The revival of authoritarianism in Russia cannot be explained in terms of differences in deep attitudes toward free markets or democracy, notes Nobel laureate Robert J. Shiller.
It’s wrong to write Russia off as fundamentally different from the West, he contends, drawing on the results of a recent survey which drew on a study conducted in 1990 by the political scientists James Gibson, Raymond Duch, and Kent Tedin (GDT), which assessed basic values.

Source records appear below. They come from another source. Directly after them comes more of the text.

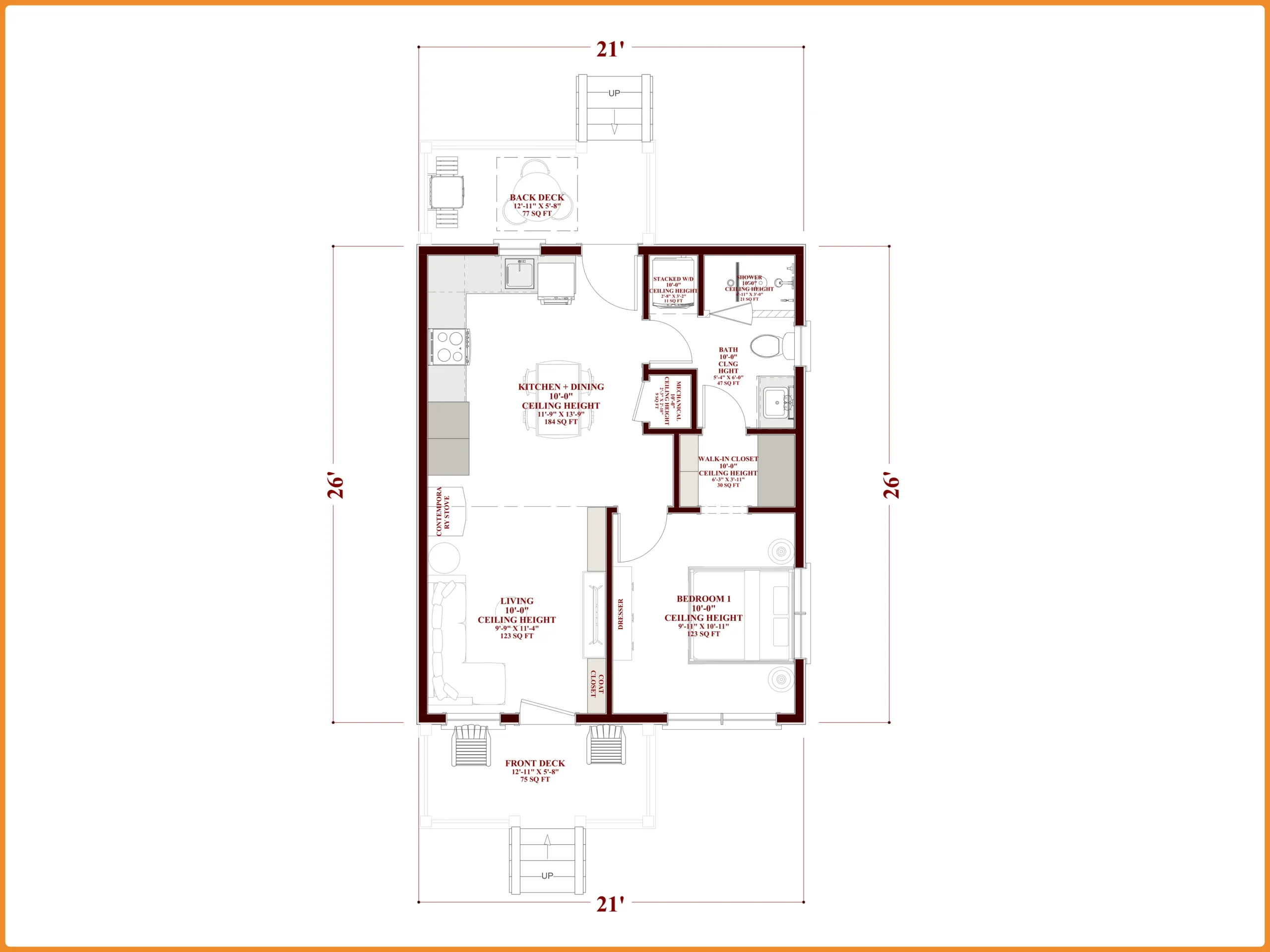 Overall Dimensions: 21’ Width x 26’ Depth
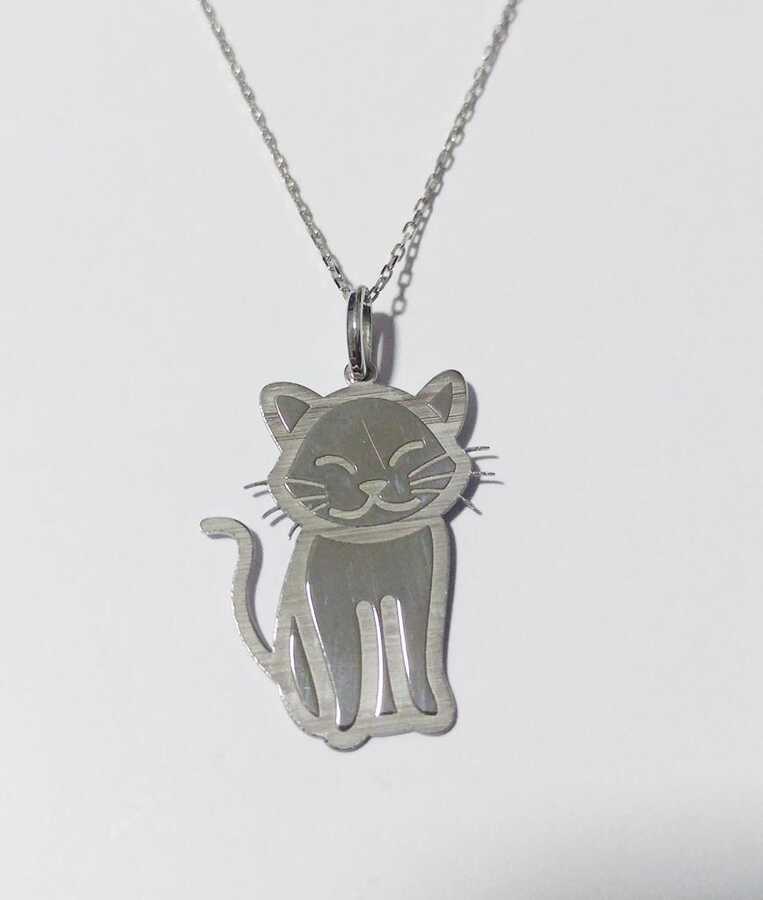 Petcanlar Matlı Parlak Kedi Gümüş Kolye Silver 925 Ayar
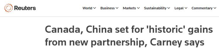 路透社的报道援引卡尼的表态指出,加拿大和中国正在推进构建加中新型战略伙伴关系,这将使双方通过优势互补实现“历史性”共赢。报道说,作为2017年以来首位访华的加拿大总理,卡尼此行旨在重建与加方第二大贸易伙伴的关系。
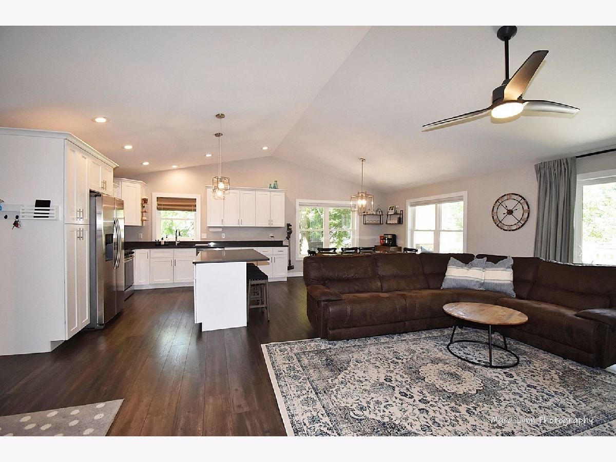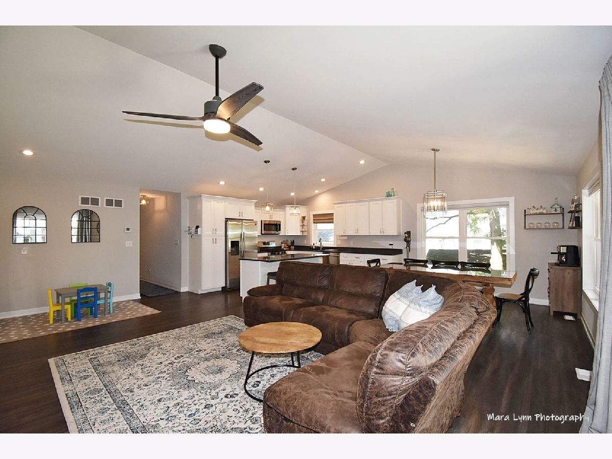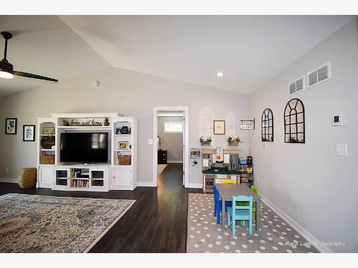 3-YEAR-NEW RANCH w/FULL basement and completely fenced yard! Say goodbye to walking up & down stairs or worries about home updates!! This 3-bedroom, 2-bath ranch home is upgraded to the HILT! It's the perfect mix of elegant, yet casual. Easy to maintain, gorgeous engineered hardwood floors and Graber blinds throughout the entire home. In the kitchen, you'll be WOWed by stunning fixtures, soft close drawers, white cabinetry, quartz counter tops, stainless steel appliances & fabulous island for food prep, dining & gathering. Master suite boasts a HUGE walk-in closet & the most luxurious spa-like bath you can imagine--it is beautiful! Oversized walk-in shower with gorgeous barn-style sliding-glass door, double sinks, quartz vanities...AMAZING! All appliances stay, including washer and dryer! RING doorbell, flood lights, ceiling fans, water softener, radon mitigation system! Basement has rough-in for additional bath. Backyard is the perfect size...big enough for privacy but not too much to maintain...spacious deck, fire pit and completely fenced!!! Situated within vintage Elburn w/mature trees & a quaint & quiet vibe!!! Easy walk to Metra, library, parks and REAMS Meat Market...It's a 10+++
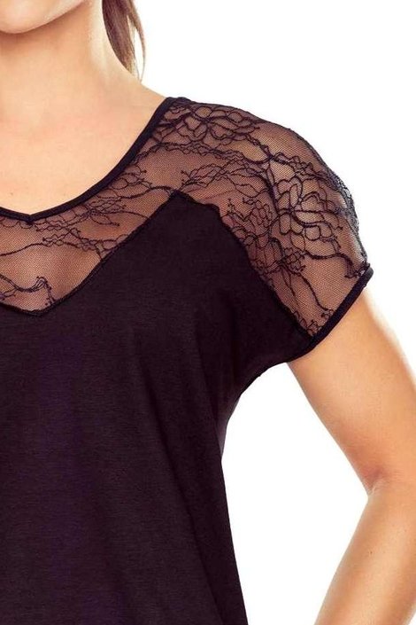 Krajka se na dekoltu skládá do tvaru V a opticky prodlužuje krk
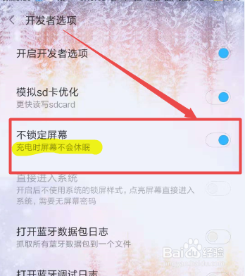然后点击它后面的开启滑块,将 不锁定屏幕 这个选项开启,如许就可以充电时屏幕不休眠了。

Surprisingly, most of the results concerning democratic values do not support the idea that Russians prefer strong authoritarian government, Shiller writes for Project Syndicate:
For example, GDT asked in 1990 if respondents agreed with the statement “The press should be protected by the law from persecution by the government.” Only 2% disagreed in 1990; in 2015, Russians were substantially more likely to disagree (20% did), suggesting a decline in democratic values. But the real surprise is our 2015 results in New York for the same question: 27% disagreed. New Yorkers appear less supportive of a free press than Muscovites today!

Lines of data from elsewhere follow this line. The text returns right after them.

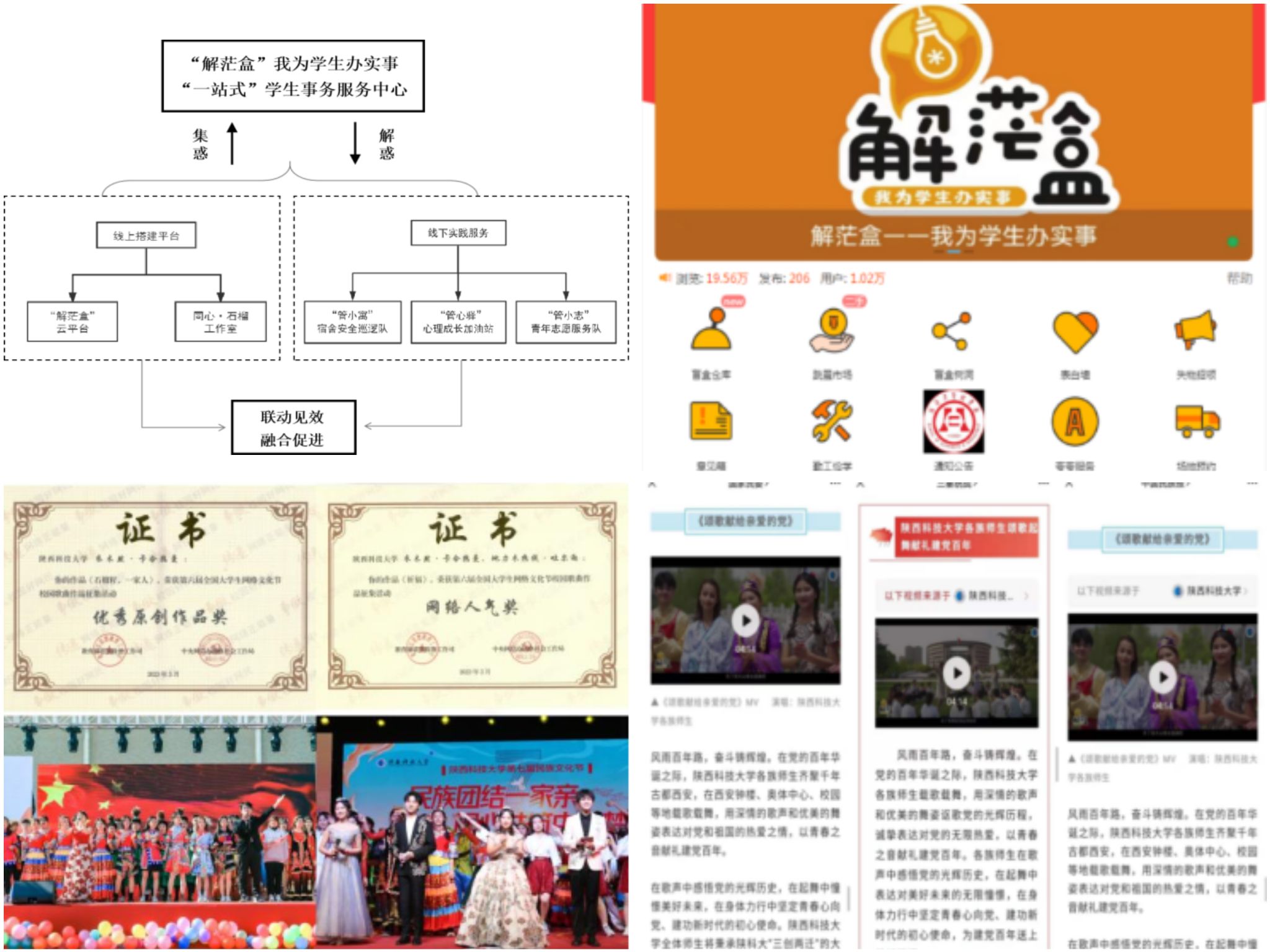 “解茫盒”我为学生办实事——“一站式”学生事务服务中心的建立是学院深入学习贯彻习近平新时代中国特色社会主义思想和党的二十大精神,落实立德树人根本任务,聚焦文科生新特点,坚持以生为本的服务理念,解决学生实际诉求的有力举措。中心将线上答疑解惑与线下实践锻炼联动融合,线上建立“解茫盒”云平台、“同心·石榴”网络文化工作室;线下设立辅导员共享学生助理岗位,并建立“管小寓”宿舍安全巡逻队、“管心驿”心理成长加油站、“管小志”青年志愿服务团三支实践服务团队。中心将网络平台与实践锻炼有效结合,一是点面结合解决学生“急难愁盼”的问题。以学生需求为导向,通过增加云平台功能,优化平台建设,增强平台服务力,为解决学生具体问题提供了途径,真正做到了为学生办实事;二是强化学生队伍培养。充分发挥学生“自我教育、自我管理、自我服务、自我监督”的作用,调动学生成长成才的主体意识,发掘与培养学生的核心优势,提升学生的综合素质;三是试图破解长期以来辅导员被事务性工作困扰的难题,将部分辅导员事务性工作下沉至学生群体,让辅导员有更多精力和时间走向学生宿舍和班级开展思政育人工作。
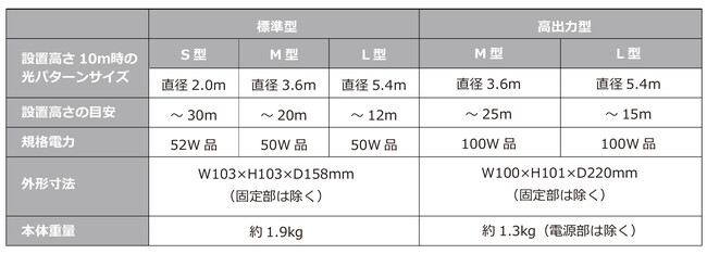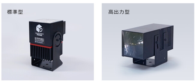 点円環中央点型光パターン形成LED照明「ホロライト・ドットリング・センター」は、遠方に視認性の高い複数の点で円環状の光と、その中央部に点状の光を形成するLED照明です。光パターンの大きさはS型(小)、M型(中)、L型(大)の3種類、照明色は赤色、緑色、青色の3種類をご用意しました。工場内の天井クレーン吊荷周囲の立入禁止ゾーンを点円環状の光で可視化する安全対策とクレーン下部の位置決めなどの作業支援の機能を一体化しました。点円環状の光と中央点の光は異なる色に選択することも可能です。また、従来製品の「ホロライト・ドットリング」M型とL型は、従来比1.5~2倍に照度を高めた高出力型を製品化し、15mを超える高い揚程のクレーンに対しても十分な視認性が得られます。さらに、オプション機能として、点円環光の周囲に方角を示すドット光を追加可能です。以上、クレーン吊荷下の退避距離を示す安全対策、クレーン下部の位置決め作業支援、方角を示す光の追加に関して、特許出願済みとなります。本製品は、鉄鋼、自動車、ゴム、食品、製紙などの製造工場や物流倉庫、さらには土木建設現場における安全対策用に、国内のみならず東南アジア、北米、欧州などの海外市場に向けても提供します。
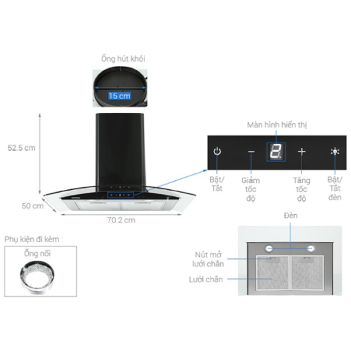 • Hút đẩy trực tiếp bằng ống dẫn khí phù hợp với các không gian bếp lớn.
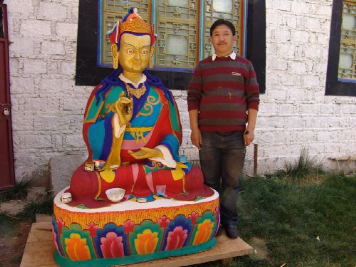 據(jù)普布次仁介紹,這些制作精美的手工藝品都出自邊巴之手,今年43歲的邊巴已經(jīng)有20多年的制作經(jīng)驗,應(yīng)該可以算是泥塑手工技藝里的佼佼者。當(dāng)向邊巴說明來意后,這個藏族漢子反而顯得有些靦腆,邊巴說:“我從小就對傳統(tǒng)手工藝很感興趣,家人就專門找了師父讓我去學(xué)習(xí),剛開始就學(xué)一些彩繪技巧,包括如何上色、構(gòu)圖等,后來接觸到了泥塑技藝,我就逐漸迷上了它,這一晃20多年過去了?!?/p>
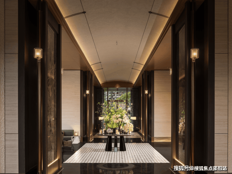 酒店式社区大堂:朝向广场,入口前场、门廊、大堂、内庭院、单元大堂组成的归家动线,配合建筑、景观、室内、标识、灯光一体化设计,汲取糅合后的南洋文化元素细节,把酒店式归家仪式感拉满,彰显非凡气度。
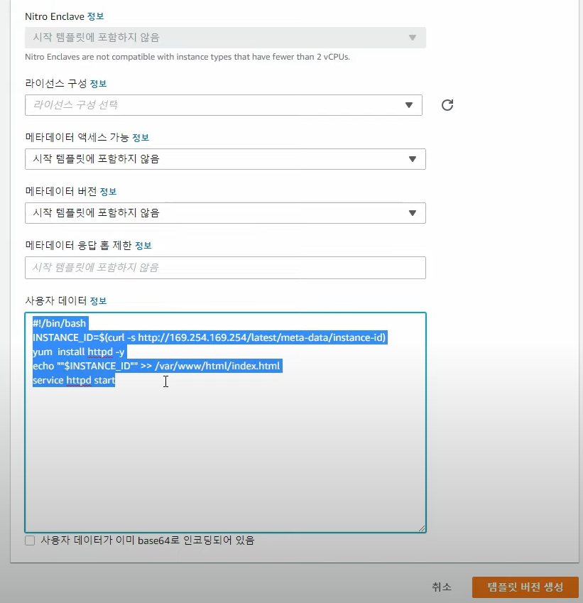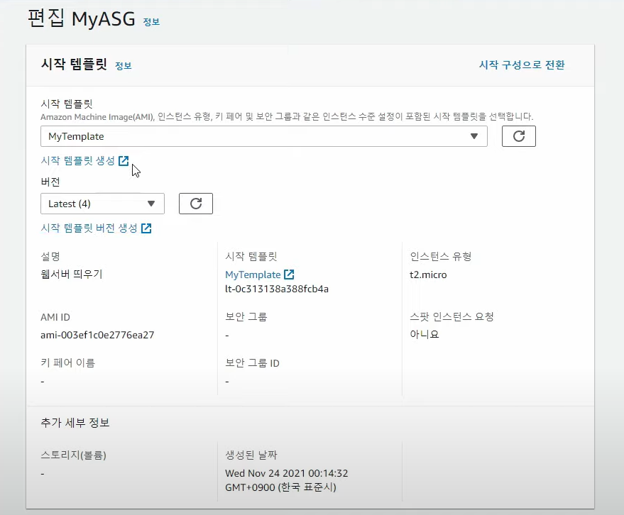 1) 시작템플릿 작성 --> 오토스케일링 그룹 생성 --> TG그룹 생성 --> ALB 생성

The biggest difference of all between Moscow and New York came from the GDT statement “It is better to live in a society with strict order than to allow people so much freedom that they can bring destruction to the society.” In 1990, 67% of the Muscovites agreed, and 76% agreed in 2015, while in New York in 2015 only 36% agreed. Maybe this is important, but it is an outlier – the most extreme difference between Moscow and New York in our entire survey.
“Overall, while there are differences, the results do not lend strong support to the idea that recent events have a simple explanation in terms of differences in deep attitudes toward free markets or authoritarianism,” he concludes, adding his hope “that national character will not prevent Russia from becoming a truly democratic society someday.”